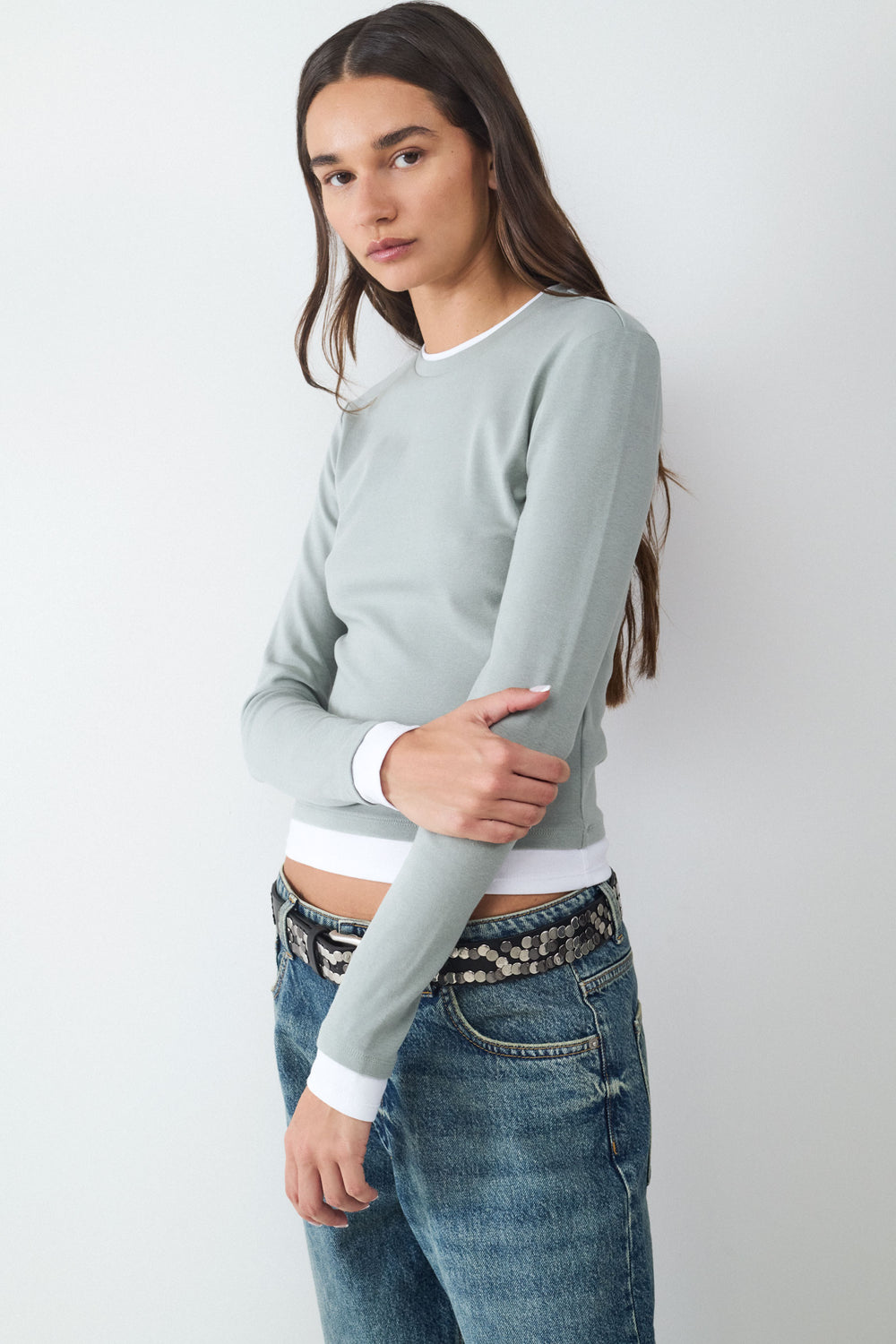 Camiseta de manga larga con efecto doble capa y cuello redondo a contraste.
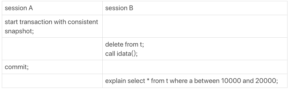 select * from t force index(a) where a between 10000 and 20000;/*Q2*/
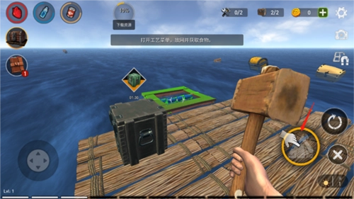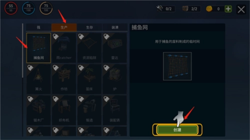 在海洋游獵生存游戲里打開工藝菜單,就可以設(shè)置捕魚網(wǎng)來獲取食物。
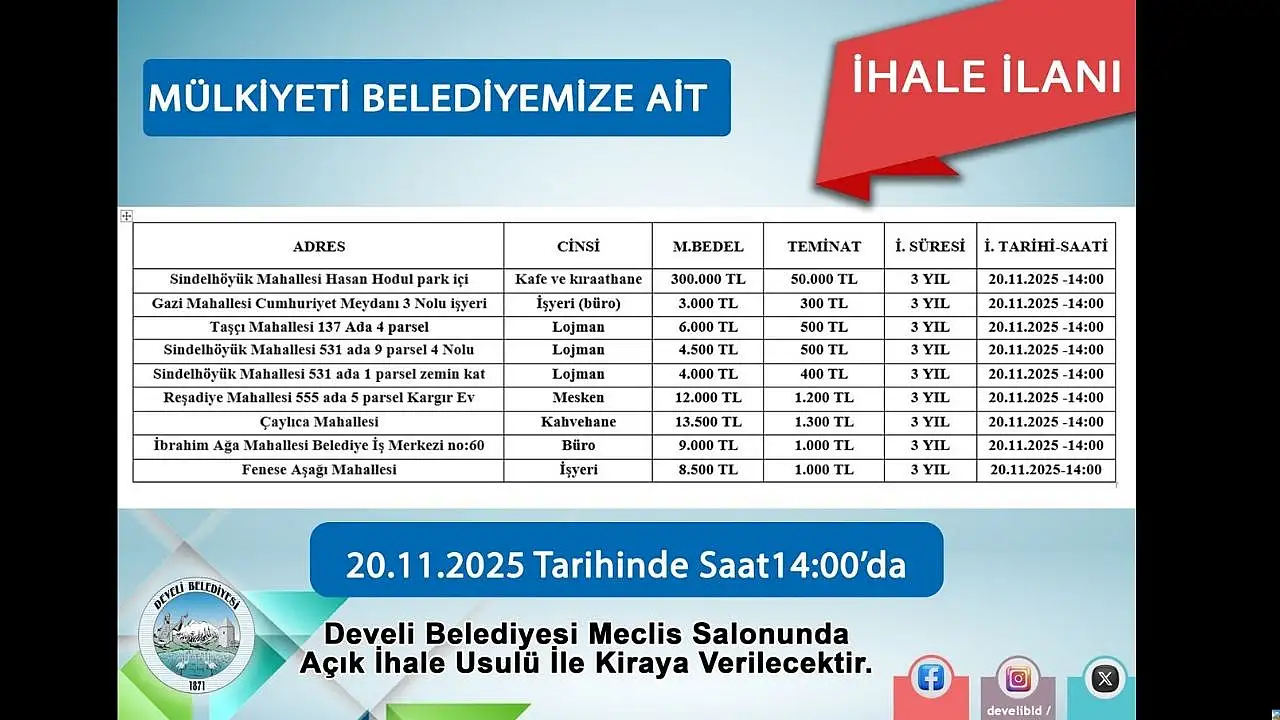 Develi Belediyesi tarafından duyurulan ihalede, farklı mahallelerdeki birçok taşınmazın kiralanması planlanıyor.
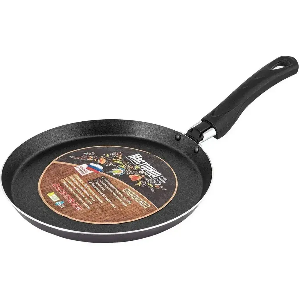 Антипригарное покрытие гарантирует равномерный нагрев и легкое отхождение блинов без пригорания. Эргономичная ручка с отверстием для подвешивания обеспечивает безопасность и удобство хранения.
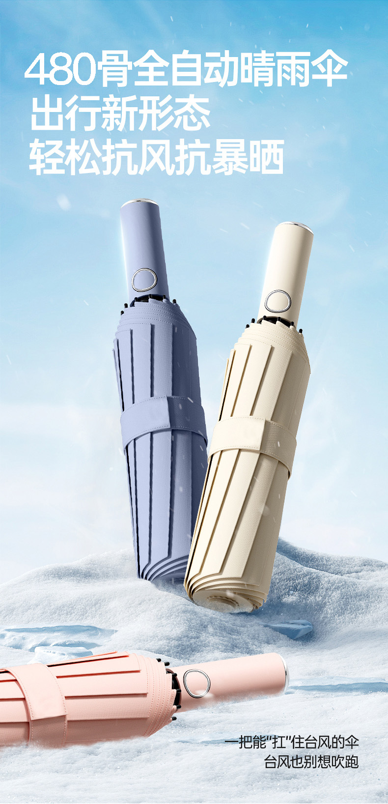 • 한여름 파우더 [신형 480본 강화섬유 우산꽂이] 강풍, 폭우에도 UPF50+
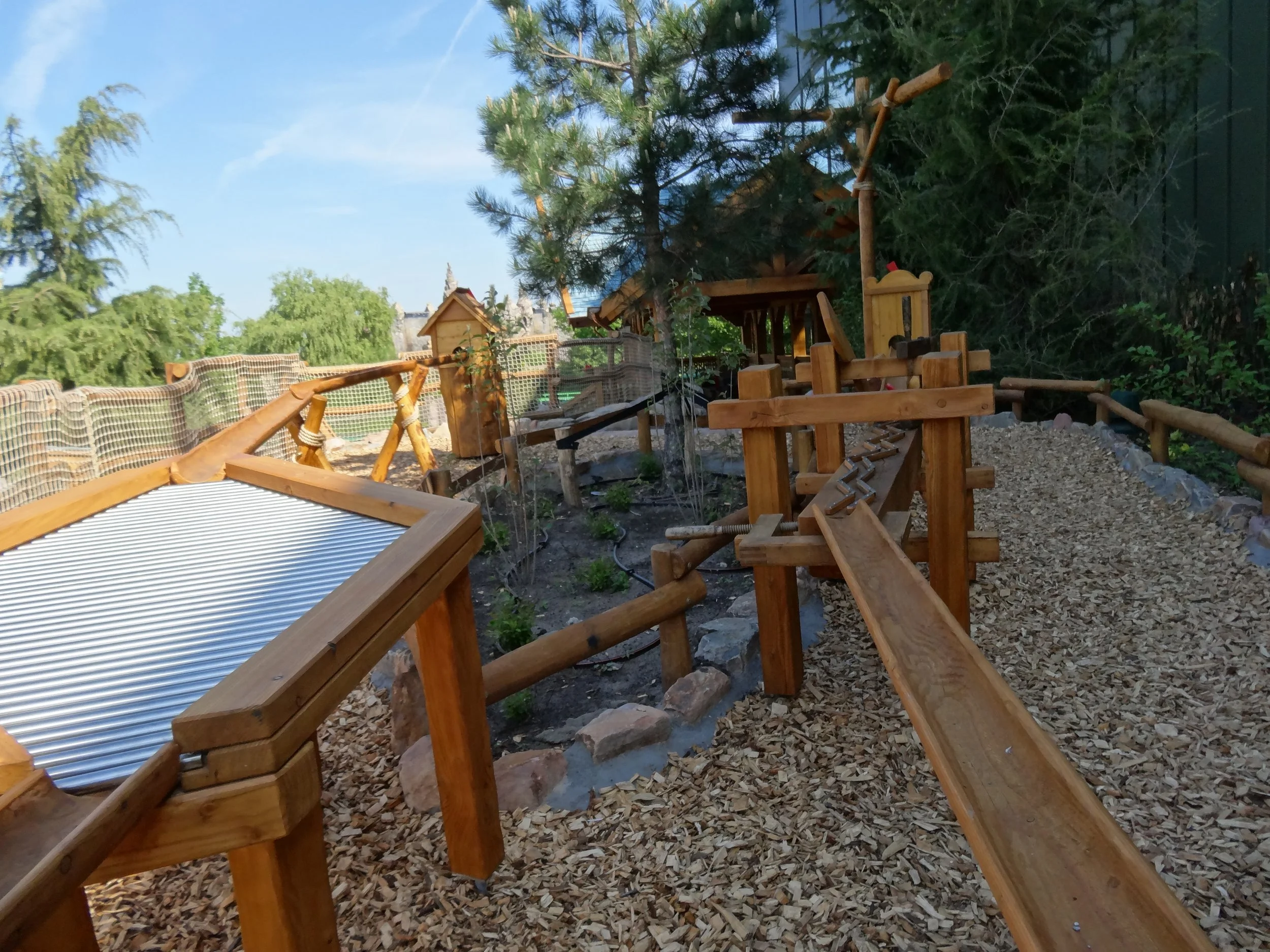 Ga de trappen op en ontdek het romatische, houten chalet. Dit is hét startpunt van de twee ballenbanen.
━━━━━━━━━━━━━━━━━━━━━━━━━━━━━━
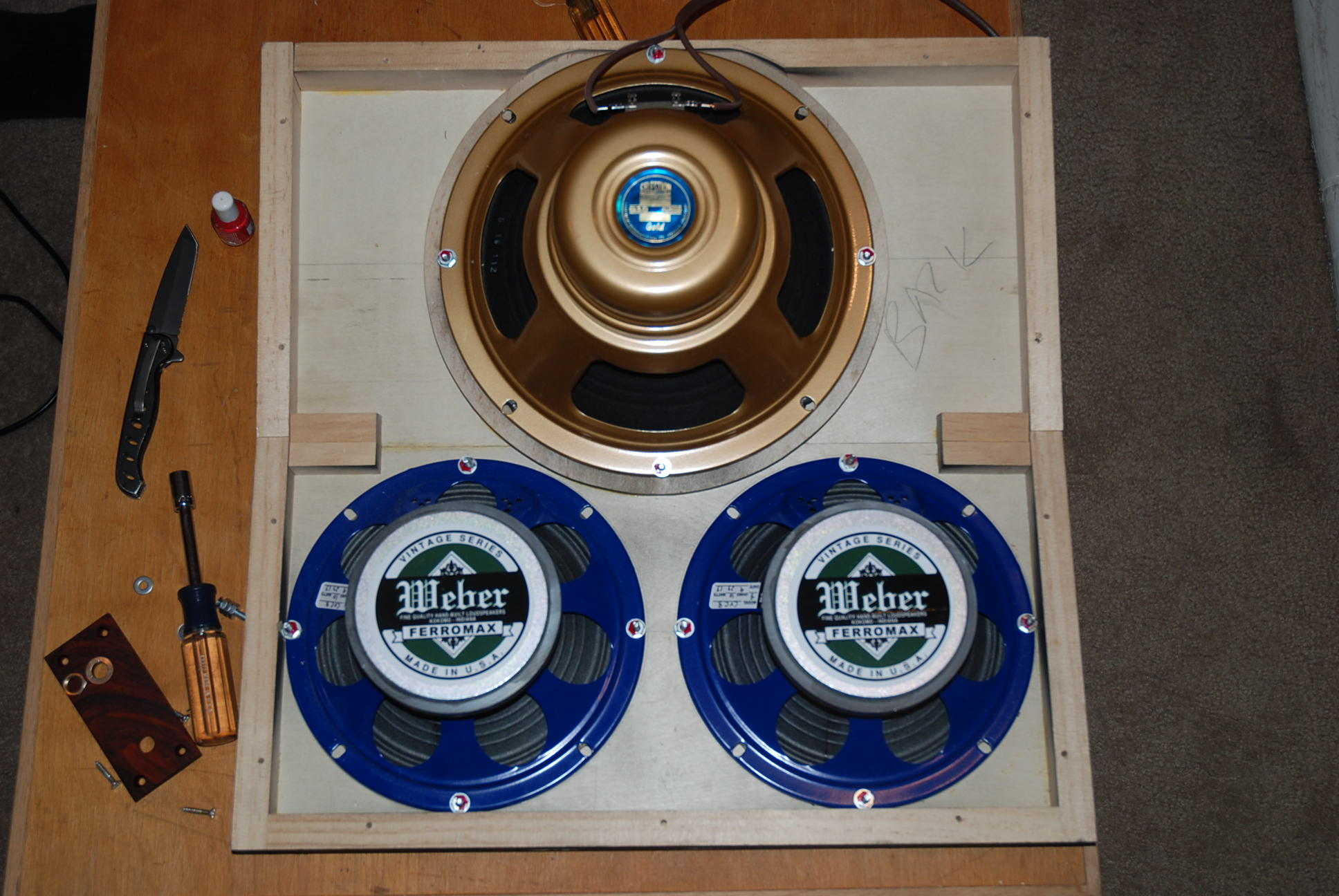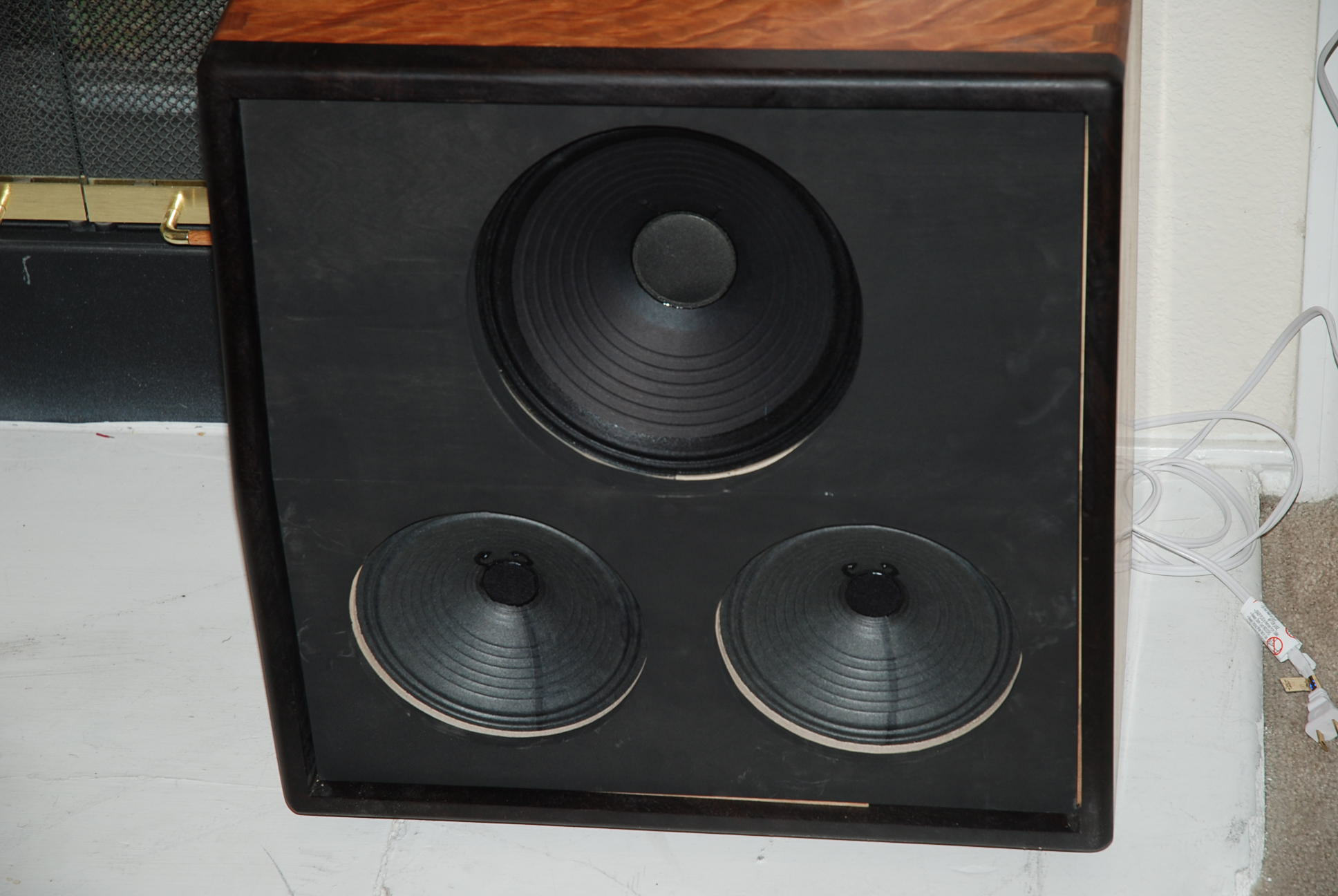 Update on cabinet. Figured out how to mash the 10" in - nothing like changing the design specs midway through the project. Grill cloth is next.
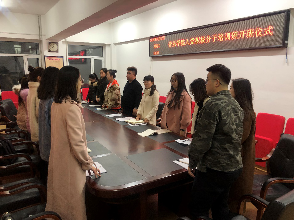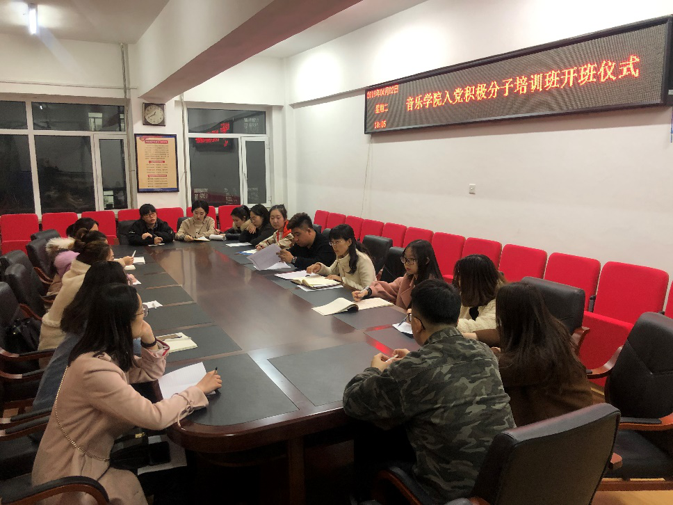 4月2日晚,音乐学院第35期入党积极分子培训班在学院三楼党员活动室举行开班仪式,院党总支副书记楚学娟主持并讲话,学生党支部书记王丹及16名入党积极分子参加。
━━━━━━━━━━━━━━━━━━━━━━━━━━━━━━
# Task details
Starting at the line with "Camiseta de manga" in the entries above, write out every line exactly until the line with "在海洋游獵生存游戲里打開工藝" has been written. Include no pictures and nothing more.

# Completed exercise
 Camiseta de manga larga con efecto doble capa y cuello redondo a contraste.
 select * from t force index(a) where a between 10000 and 20000;/*Q2*/
 在海洋游獵生存游戲里打開工藝菜單,就可以設(shè)置捕魚網(wǎng)來獲取食物。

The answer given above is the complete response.